Southern Maalhosmadulu Atoll (code name Baa) is an administrative division of the Maldives. It consists of two separate natural atolls, namely the southern part of Maalhosmadulhu Atoll (which is 42 km long and 32 km wide and consists of 10 inhabited islands) and the smaller natural atoll known as Goifulhafehendhu Atoll (Horsburgh Atoll in the Admiralty charts). 
Situated on the west of the Maldives atoll chain, it consists of 75 islands of which 13 are inhabited with a population of over 11,000 people. The remaining 57 islands are uninhabited, in addition to five islands being developed as resorts.
Thulhaadhoo Island is traditionally well known for its lacquerwork handicrafts.

Ecology

Maalhosmadulhu Atoll  is also considered as a good example of the rich biodiversity found in the Maldives, including large mangroves and a unique diversity of fauna, such as the benthic fauna. Furthermore, the ring-shaped reef forms known as faru in the local language is a reef structure which is unique to the Maldives.

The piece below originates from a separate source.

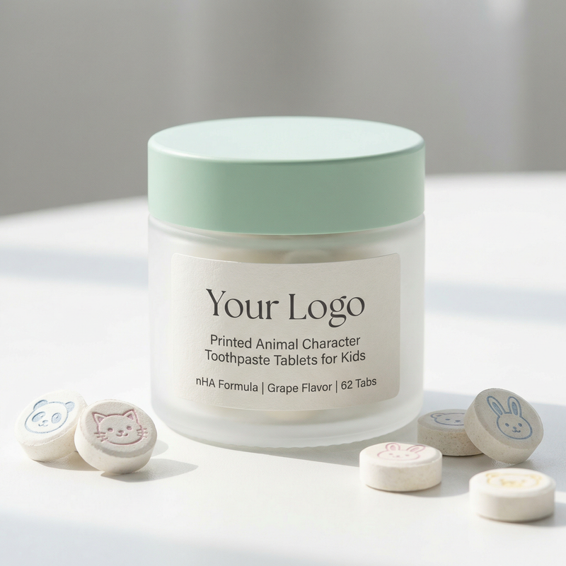 We offer full OEM/ODM customization for brands looking to launch their own line of kids' printed toothpaste tablets: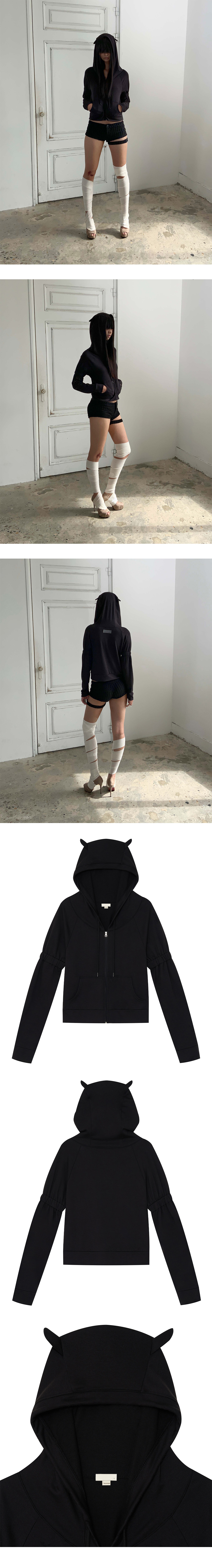 귀 모양 디테일의 후드 집업 보닝 와이어 내장으로 귀 형태 유지 가능 소매 셔링 밴드 디테일 후면 고무 패치 디테일 앞 포켓 디테일 부드럽고 가벼운 착용감 Size(Length/Shoulder/Chest/Sleeve) 1 : 50cm/36cm/44cm/64cm 2 : 51cm/37cm/46cm/65cm Polyester 62% Rayon 34% Spandex 4%

The southernmost uninhabited island of Olhugiri in the Baa atoll lies 13 km north of Goifulhafehendhu Atoll. Olhugiri is well known for its unique natural vegetation and for providing two of the only perching sites for the great frigatebird in the Maldives. Likewise, other marine creatures such as seaturtles and hawksbill turtles can be encountered.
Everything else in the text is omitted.